Judge Thorburn fined Tomorrow Dream Line and Mr Kim $20,000 and $15,000 respectively for breaching sections 13 and 16 of the Fair Trading Act, as well as total court costs of $520. Section 16 of the Act prohibits certain conduct in relation to trade marks, while section 13 deals with false or misleading representations.

His Honour said that the defendants’ conduct was a “complete denial and subversion” of the regulatory goals of the legislation. He went on to state the defendants’ counsel had acknowledged his clients’ complete failure to acknowledge the principles of the Act.

He added that a complete failure to comply on the basis of a failure to appreciate the consequences is all very well, but even more concerning was that Mr Kim's actions showed an “extraordinary degree of deceptiveness, dishonesty and fundamental absence of good old integrity”.

His Honour went on to say that Mr Kim was “overtly ripping off the public by being as dishonest as anyone” he had met in this area. Further, that this was an “outstanding slur on the business community” with “down stream repercussions on the brand UMF”.

A UMF rating measures the natural antibacterial activity of certain Manuka honey and the trademark ‘UMF’ is registered by the Active Manuka Honey Association Inc.

Commission Chair Paula Rebstock said that honey with a UMF rating sells at a premium over ordinary Manuka honey and can be up to ten times the normal retail value of ordinary honey.

“Over 2,500 jars of honey with the misleading UMF labels were sold by Tomorrow Dream Line – which would have meant a profit of over $27,000 due to the premium prices charged,” said Ms Rebstock.
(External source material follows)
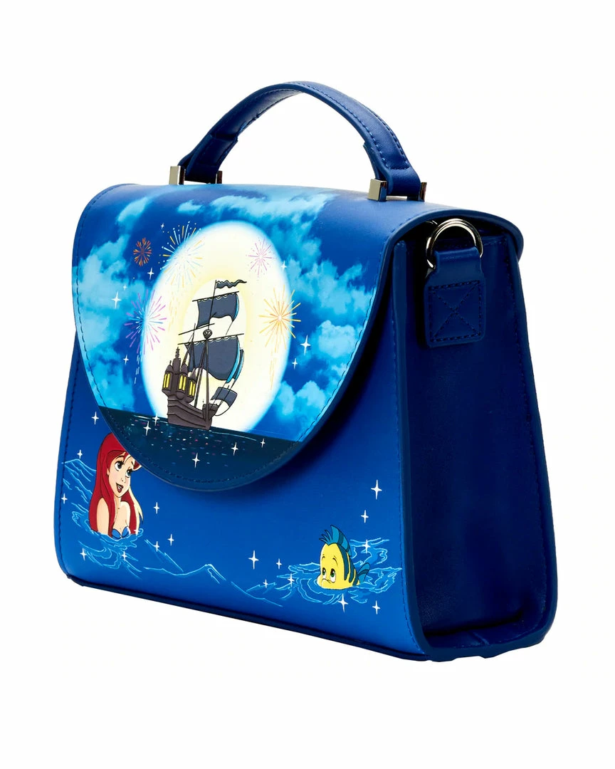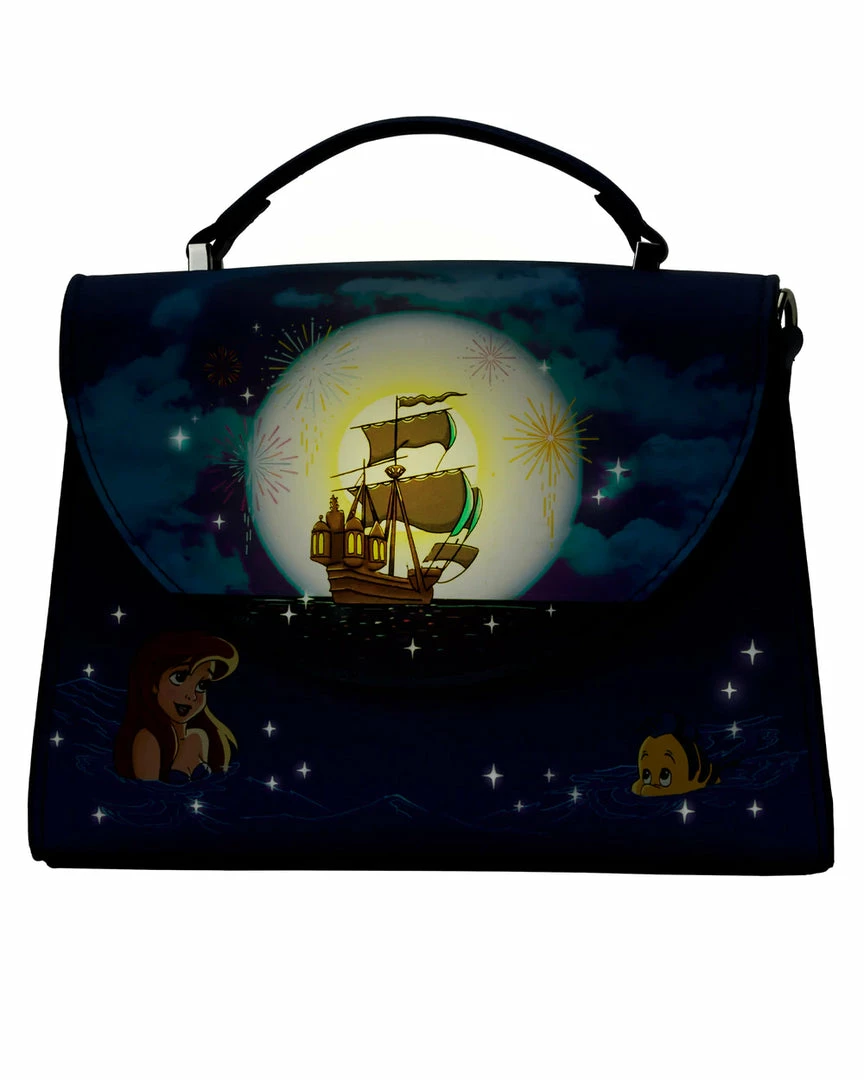 From under the sea, Ariel and her friends have surfaced. Make them a part of your world with this Loungefly The Little Mermaid AAriel Fireworks Glow in the Dark Crossbody Bag.

“In the Commission’s view, this was a blatant breach of the Fair Trading Act with consequences for consumers, who paid an unwarranted premium price for the honey, and for genuine licensees of the registered UMF trademark. Misuse of the UMF trademark has the potential to damage the export honey industry and the reputation of the Active Manuka Honey Association.”

Background

The Commerce Commission first laid informations against Tomorrow Dream Line and Mr Kim in September 2004 following allegations that the company was falsely representing honey for sale as ‘U.M.F. 16+’, ‘U.M.F 12+’, ‘U.M.F. 12’ and ‘Active Manuka Honey’. The real trade mark is “UMF”. Tomorrow Dream Line and Mr Kim admitted labelling honey jars with representations about UMF content when the company had no knowledge of whether the honey was in fact Active Manuka Honey or whether it had any UMF rating.

Following the filing of the first set of informations, the Commission then became aware of further incorrect labels by Tomorrow Dream Line Limited and Mr Kim. A subsequent investigation revealed that Tomorrow Dream Line had commissioned genuine UMF honey to be packed for them, and had then used the producer’s genuine UMF labels (bearing the producer’s name as packer) to re-label non-UMF honey packed by an unknown party.

The investigation revealed that a batch number from the genuine UMF honey product had been forged and used by Tomorrow Dream Line Limited on honey supplied by the company. Despite representations to the contrary, the honey was not UMF honey and not packed by the genuine UMF honey producer as purported on the labels. This non-UMF honey was packed in different shaped jars and the forged batch numbers used on the labels were in a different size and font to the real product.

Further informations in respect of these alleged breaches of the Act were subsequently filed in November 2004. Guilty pleas were subsequently entered to 28 charges by both defendants.